Using a web survey portal I prepared a short questionnaire to ask Polish Internet users about their understanding of accessibility. The survey ran for a few weeks in February and here are some of it’s findings.
In total there were 320 participants – 61% of which were female and 39% male.
The participants’ ages ranged from 13 to 85 years old (my apologies for the huge surplus of 20 to 29 year-old women – I guess they’re the group most in to filling out online surveys).
Over 40% of the participants claimed they knew what accessibility was.
Sounds like a great result, right?
But when asked to give a definition, most of the allegedly accessibility aware Internet users don’t seem to have much to say. After looking through their answers I found only about 1 in 9 to be anywhere near correct.
According to the most common misconceptions accessibility is either equivalent to website uptime or free software downloads (sic!). Quite a few participants also honestly admitted they’re unable to define the term, even though one question back they claimed to know it’s meaning.
The results were more optimistic for those working in Internet related branches of industry such as IT, e-commerce and telecommunications. Here, nearly 65% of the participants said they knew about accessibility and around 36% were able to give a fairly correct definition.
After providing the participants with a proper definition of accessibility I asked them to point out groups that could benefit from its implementation.
Over half (56%) of the respondents were unable to point to any group of beneficiaries. Another 11% claimed that accessibility benefits IT professionals such as programmers, designers or bloggers and 16% suggested completely irrelevant answers (e.g. companies, researchers or celebrities), which would suggest that these participants don’t exactly grasp what accessibility is despite being given a proper definition.

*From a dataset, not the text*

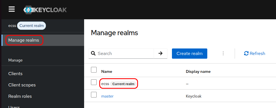 В разделе Manage realms убеждаемся, что ваш realm отмечен как «Current realm»:

Just 11% claimed that everybody could benefit from accessibility. And, surprisingly, only 3% of the respondents mentioned the elderly and under 6% pointed to disabled users!
For Internet related industry professionals the results were slightly better. Even though over 50% were unable to point to any group of beneficiaries, yet at least more of them realized that accessibility aids elderly and disabled users. And no one suggested it is something you implement for the benefit of the developer.
Asking about how to make software accessible didn’t ring a bell with the general public either. Just under 6% of the participants were able to point to various assistive technologies as the solution. 75% declared they don’t know how to enforce accessibility and the remaining 19% proposed irrelevant solutions (e.g. website positioning or online marketing).
Unsurprisingly, when asked about implementing accessibility the Internet industry professionals managed to nail the right answers more often than users from other backgrounds, though with 65% still not being able to produce any answer, you wouldn’t exactly call it common knowledge…
Altogether, this little survey shows there’s still much to be done before accessibility awareness is common in the IT industry, let alone the general public.
Keep in mind that the figures presented in this post were based on a relatively small group (320 participants) and are probably not representative for the general population.